EXERCISE AIM:
Copy word for word the lines in the records below, starting at the line with "Múffa PP K2" and ending at the line with "Уважаемые балхашцы! Сообщаем, что". Skip the pictures.

DATA LISTING:
------------------------------------------------
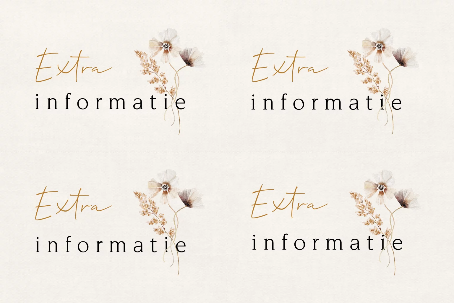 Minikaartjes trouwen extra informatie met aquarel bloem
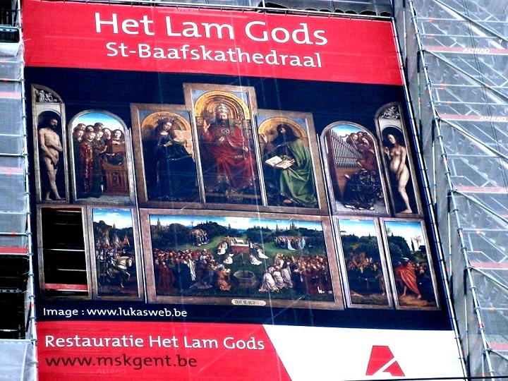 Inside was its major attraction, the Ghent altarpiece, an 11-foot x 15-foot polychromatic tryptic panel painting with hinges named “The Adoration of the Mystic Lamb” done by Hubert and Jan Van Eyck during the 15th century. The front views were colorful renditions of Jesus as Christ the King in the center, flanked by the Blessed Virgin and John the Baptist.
------------------------------------------------
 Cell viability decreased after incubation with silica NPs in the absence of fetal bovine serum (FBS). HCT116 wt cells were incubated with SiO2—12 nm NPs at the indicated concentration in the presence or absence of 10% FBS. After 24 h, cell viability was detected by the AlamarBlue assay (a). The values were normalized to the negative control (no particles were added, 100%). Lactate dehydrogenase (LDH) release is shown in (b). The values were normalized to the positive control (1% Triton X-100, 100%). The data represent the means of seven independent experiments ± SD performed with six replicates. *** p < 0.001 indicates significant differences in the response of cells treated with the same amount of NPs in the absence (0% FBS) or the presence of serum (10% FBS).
------------------------------------------------
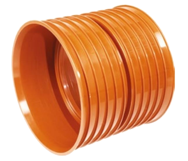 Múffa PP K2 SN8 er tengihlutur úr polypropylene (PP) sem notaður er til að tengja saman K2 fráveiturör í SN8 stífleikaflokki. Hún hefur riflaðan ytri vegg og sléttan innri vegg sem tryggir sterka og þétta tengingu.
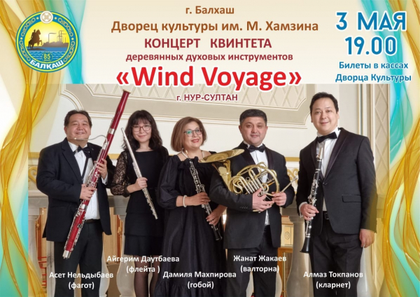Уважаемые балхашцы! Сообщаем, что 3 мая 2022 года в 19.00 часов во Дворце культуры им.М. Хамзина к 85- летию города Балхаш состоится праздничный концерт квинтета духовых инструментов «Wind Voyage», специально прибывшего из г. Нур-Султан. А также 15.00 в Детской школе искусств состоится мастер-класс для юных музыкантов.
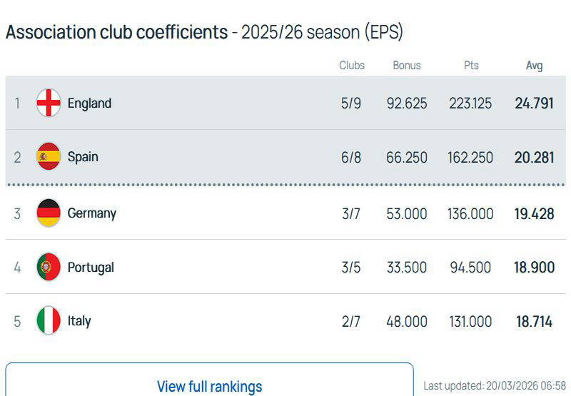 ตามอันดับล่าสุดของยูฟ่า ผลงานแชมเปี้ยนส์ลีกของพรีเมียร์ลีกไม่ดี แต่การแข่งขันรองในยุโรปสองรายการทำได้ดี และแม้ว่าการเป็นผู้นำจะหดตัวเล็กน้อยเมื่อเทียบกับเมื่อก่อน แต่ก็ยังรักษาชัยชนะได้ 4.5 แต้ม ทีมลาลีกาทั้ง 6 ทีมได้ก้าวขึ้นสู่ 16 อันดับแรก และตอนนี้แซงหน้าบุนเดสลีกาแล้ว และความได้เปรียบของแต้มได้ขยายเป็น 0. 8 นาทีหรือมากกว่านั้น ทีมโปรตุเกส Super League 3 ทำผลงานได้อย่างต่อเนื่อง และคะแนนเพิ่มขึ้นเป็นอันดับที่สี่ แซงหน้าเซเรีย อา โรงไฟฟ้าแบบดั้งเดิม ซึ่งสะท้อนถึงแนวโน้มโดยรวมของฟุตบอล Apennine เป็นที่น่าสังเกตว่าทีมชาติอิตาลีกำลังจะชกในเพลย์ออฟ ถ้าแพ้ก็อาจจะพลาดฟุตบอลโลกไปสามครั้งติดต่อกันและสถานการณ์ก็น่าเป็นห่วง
------------------------------------------------
ANSWER BOX:
 Múffa PP K2 SN8 er tengihlutur úr polypropylene (PP) sem notaður er til að tengja saman K2 fráveiturör í SN8 stífleikaflokki. Hún hefur riflaðan ytri vegg og sléttan innri vegg sem tryggir sterka og þétta tengingu.
Уважаемые балхашцы! Сообщаем, что 3 мая 2022 года в 19.00 часов во Дворце культуры им.М. Хамзина к 85- летию города Балхаш состоится праздничный концерт квинтета духовых инструментов «Wind Voyage», специально прибывшего из г. Нур-Султан. А также 15.00 в Детской школе искусств состоится мастер-класс для юных музыкантов.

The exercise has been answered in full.